Work item =
Reproduce only the lines below from the line containing "미국 보딩스쿨 순위 (21~25위)" to the line containing "- 🌈【Customizable RGB", exactly as written, with both end lines kept. Omit the pictures.

Input =
====

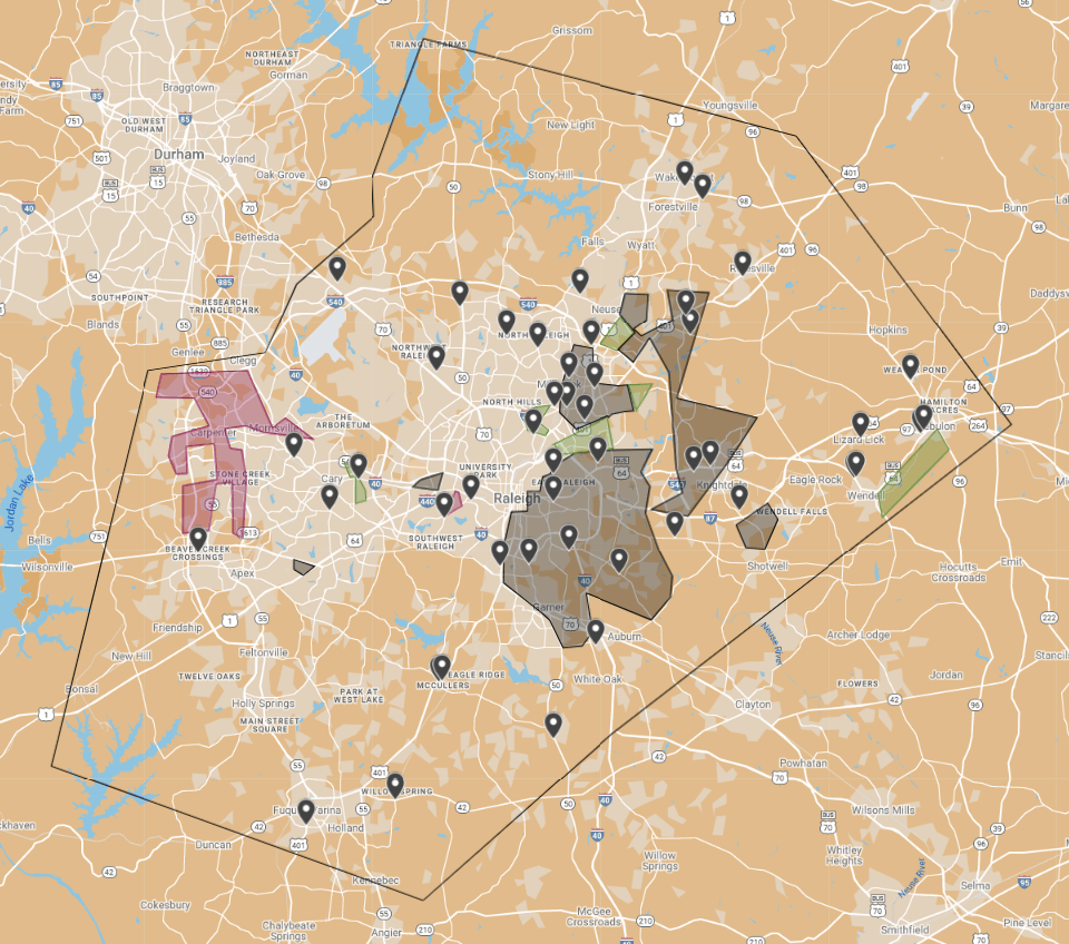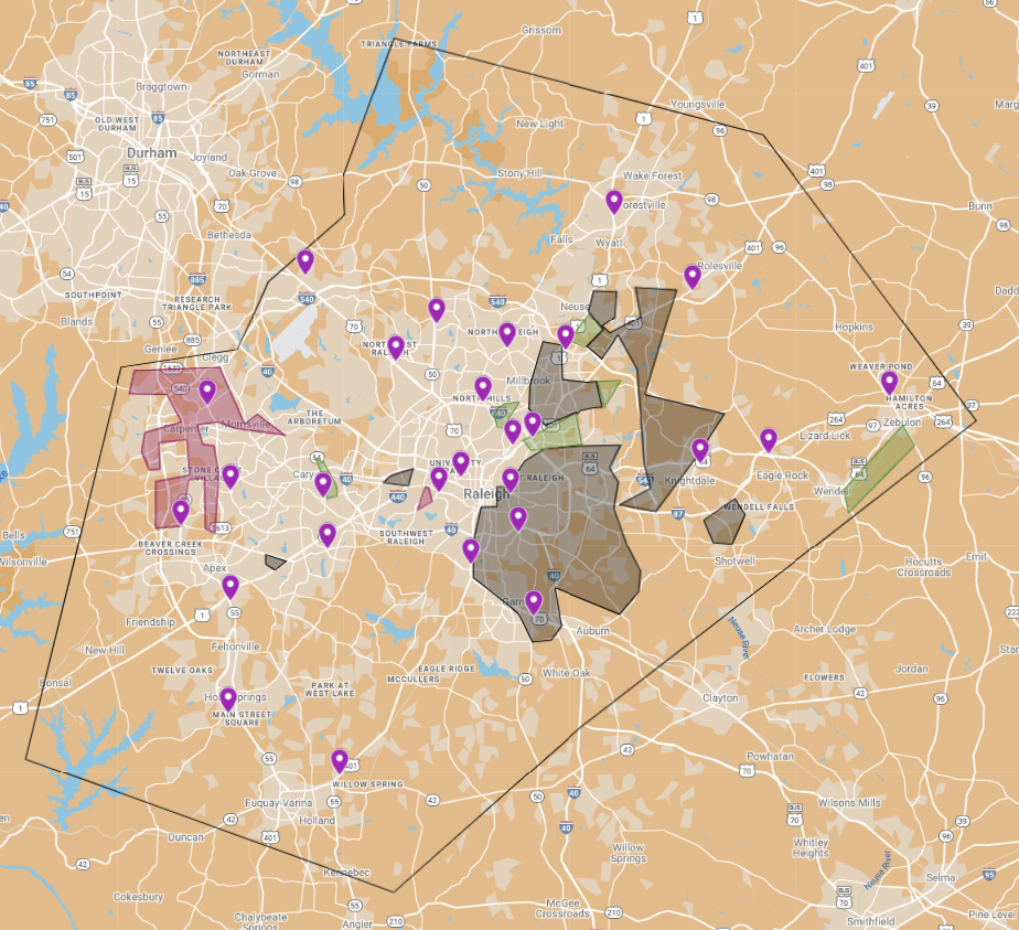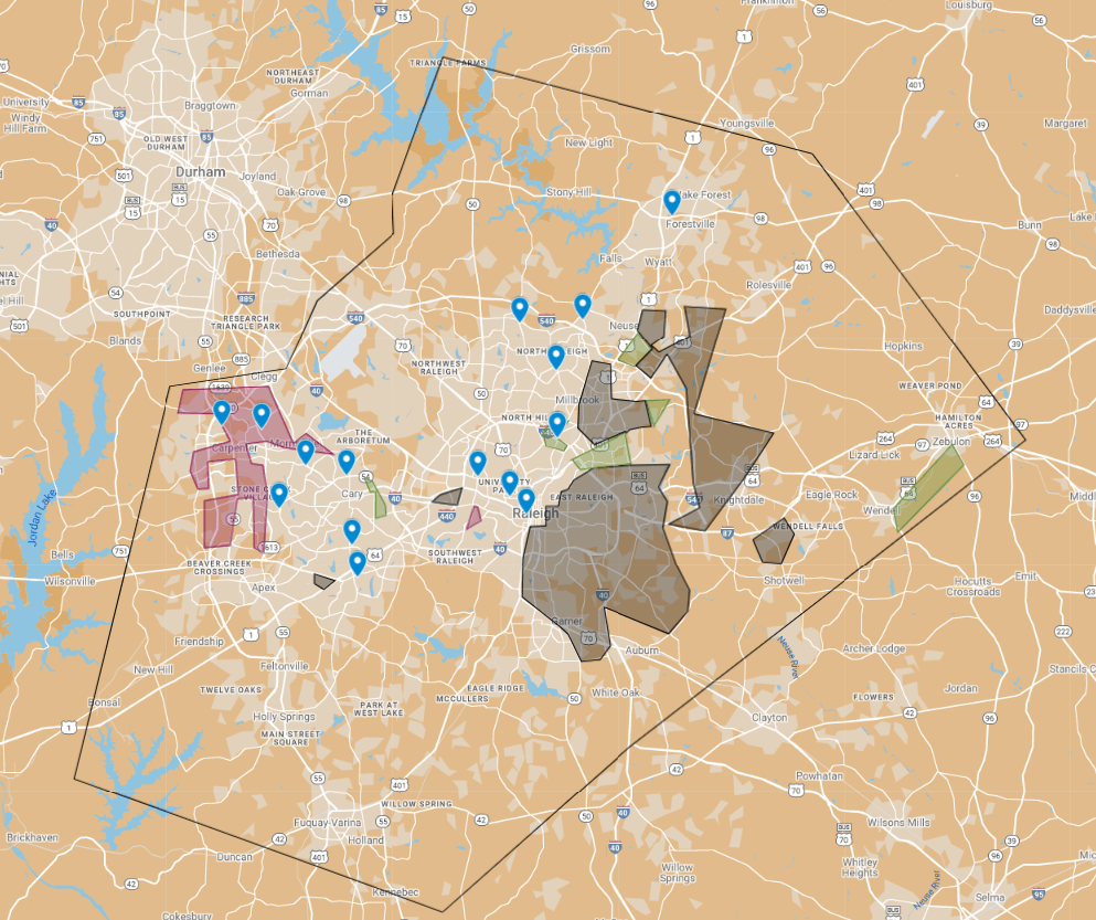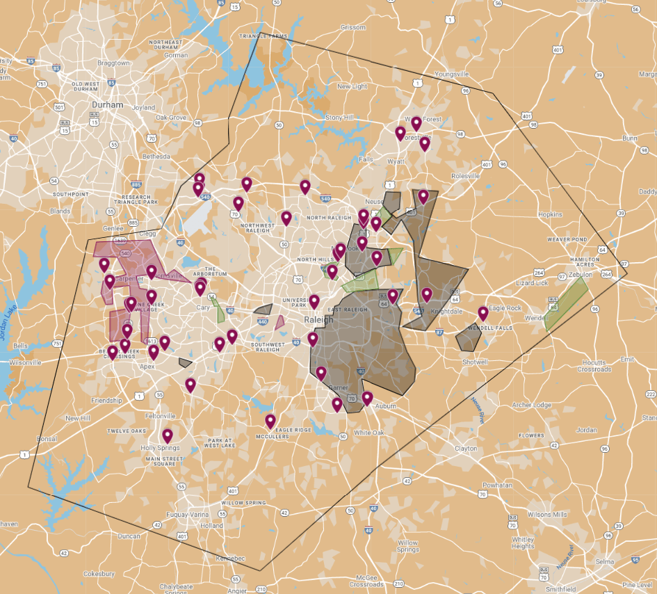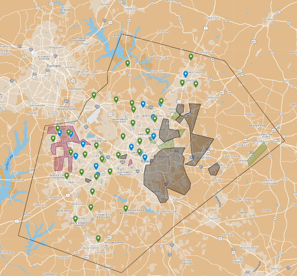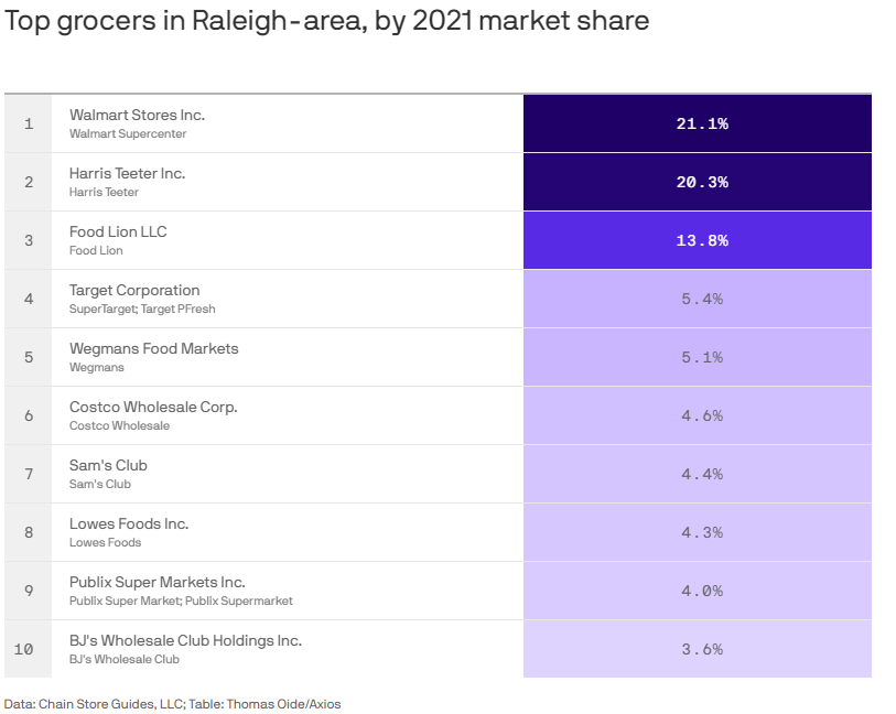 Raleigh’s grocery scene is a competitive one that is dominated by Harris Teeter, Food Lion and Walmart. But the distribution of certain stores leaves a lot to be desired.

====

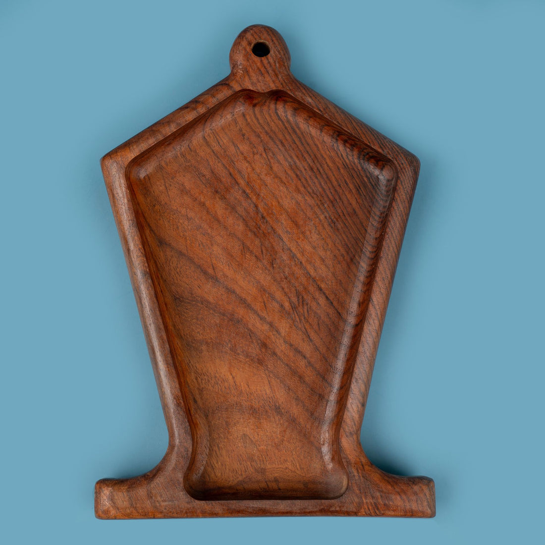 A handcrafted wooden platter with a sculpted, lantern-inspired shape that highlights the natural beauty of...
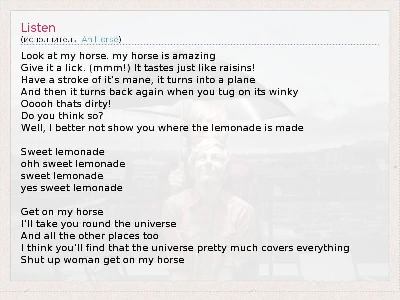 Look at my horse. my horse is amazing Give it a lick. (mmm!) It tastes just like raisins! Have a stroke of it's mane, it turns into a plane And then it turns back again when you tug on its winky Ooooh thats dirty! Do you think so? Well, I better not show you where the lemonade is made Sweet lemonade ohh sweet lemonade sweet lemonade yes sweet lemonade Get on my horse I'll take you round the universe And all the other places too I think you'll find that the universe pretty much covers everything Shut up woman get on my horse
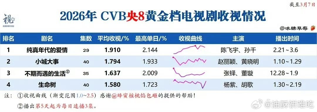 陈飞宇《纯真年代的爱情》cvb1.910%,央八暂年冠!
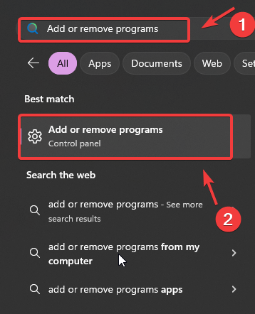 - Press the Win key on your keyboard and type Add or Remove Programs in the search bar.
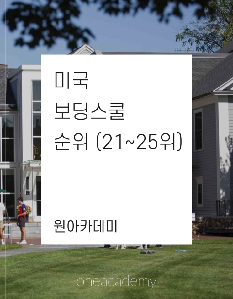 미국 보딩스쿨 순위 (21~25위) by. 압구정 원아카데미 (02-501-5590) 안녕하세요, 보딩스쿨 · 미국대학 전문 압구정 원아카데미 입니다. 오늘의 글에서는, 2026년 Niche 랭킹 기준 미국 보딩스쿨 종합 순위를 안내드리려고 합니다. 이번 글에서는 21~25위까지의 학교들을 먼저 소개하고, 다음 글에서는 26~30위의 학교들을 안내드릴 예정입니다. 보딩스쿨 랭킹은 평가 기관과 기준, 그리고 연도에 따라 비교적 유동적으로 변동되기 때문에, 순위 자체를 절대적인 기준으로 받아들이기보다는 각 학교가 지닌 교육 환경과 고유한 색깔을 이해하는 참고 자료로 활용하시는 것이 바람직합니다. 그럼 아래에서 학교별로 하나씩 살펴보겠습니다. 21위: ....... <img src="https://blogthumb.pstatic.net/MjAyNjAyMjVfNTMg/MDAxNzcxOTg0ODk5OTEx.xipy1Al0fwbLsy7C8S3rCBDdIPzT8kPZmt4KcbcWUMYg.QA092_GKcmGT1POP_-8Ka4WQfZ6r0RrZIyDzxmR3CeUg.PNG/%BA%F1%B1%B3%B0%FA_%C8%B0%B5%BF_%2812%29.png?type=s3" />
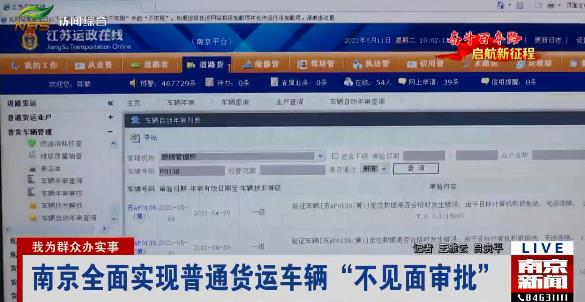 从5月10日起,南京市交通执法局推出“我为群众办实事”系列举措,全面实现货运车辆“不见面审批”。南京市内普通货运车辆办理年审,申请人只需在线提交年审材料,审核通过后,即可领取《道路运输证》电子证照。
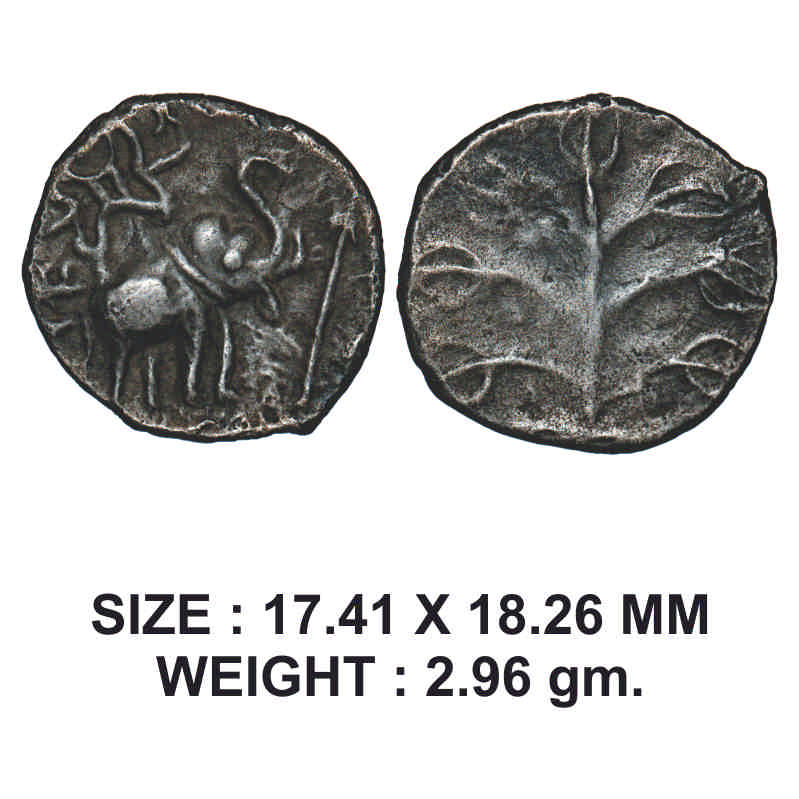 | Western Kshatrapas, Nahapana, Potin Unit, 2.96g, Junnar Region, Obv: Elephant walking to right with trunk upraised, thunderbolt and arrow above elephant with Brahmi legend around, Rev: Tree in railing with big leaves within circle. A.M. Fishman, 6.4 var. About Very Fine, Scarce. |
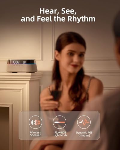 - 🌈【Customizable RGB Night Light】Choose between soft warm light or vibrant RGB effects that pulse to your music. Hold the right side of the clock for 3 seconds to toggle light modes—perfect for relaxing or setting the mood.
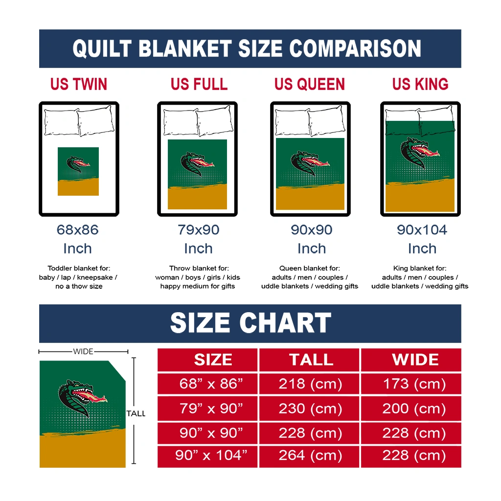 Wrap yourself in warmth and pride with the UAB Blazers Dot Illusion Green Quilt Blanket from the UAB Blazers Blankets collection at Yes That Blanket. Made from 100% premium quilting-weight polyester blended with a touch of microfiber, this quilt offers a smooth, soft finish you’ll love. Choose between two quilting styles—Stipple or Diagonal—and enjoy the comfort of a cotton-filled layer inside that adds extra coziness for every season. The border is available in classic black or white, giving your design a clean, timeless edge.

====

Reply =
 미국 보딩스쿨 순위 (21~25위) by. 압구정 원아카데미 (02-501-5590) 안녕하세요, 보딩스쿨 · 미국대학 전문 압구정 원아카데미 입니다. 오늘의 글에서는, 2026년 Niche 랭킹 기준 미국 보딩스쿨 종합 순위를 안내드리려고 합니다. 이번 글에서는 21~25위까지의 학교들을 먼저 소개하고, 다음 글에서는 26~30위의 학교들을 안내드릴 예정입니다. 보딩스쿨 랭킹은 평가 기관과 기준, 그리고 연도에 따라 비교적 유동적으로 변동되기 때문에, 순위 자체를 절대적인 기준으로 받아들이기보다는 각 학교가 지닌 교육 환경과 고유한 색깔을 이해하는 참고 자료로 활용하시는 것이 바람직합니다. 그럼 아래에서 학교별로 하나씩 살펴보겠습니다. 21위: ....... <img src="https://blogthumb.pstatic.net/MjAyNjAyMjVfNTMg/MDAxNzcxOTg0ODk5OTEx.xipy1Al0fwbLsy7C8S3rCBDdIPzT8kPZmt4KcbcWUMYg.QA092_GKcmGT1POP_-8Ka4WQfZ6r0RrZIyDzxmR3CeUg.PNG/%BA%F1%B1%B3%B0%FA_%C8%B0%B5%BF_%2812%29.png?type=s3" />
 从5月10日起,南京市交通执法局推出“我为群众办实事”系列举措,全面实现货运车辆“不见面审批”。南京市内普通货运车辆办理年审,申请人只需在线提交年审材料,审核通过后,即可领取《道路运输证》电子证照。
 | Western Kshatrapas, Nahapana, Potin Unit, 2.96g, Junnar Region, Obv: Elephant walking to right with trunk upraised, thunderbolt and arrow above elephant with Brahmi legend around, Rev: Tree in railing with big leaves within circle. A.M. Fishman, 6.4 var. About Very Fine, Scarce. |
 - 🌈【Customizable RGB Night Light】Choose between soft warm light or vibrant RGB effects that pulse to your music. Hold the right side of the clock for 3 seconds to toggle light modes—perfect for relaxing or setting the mood.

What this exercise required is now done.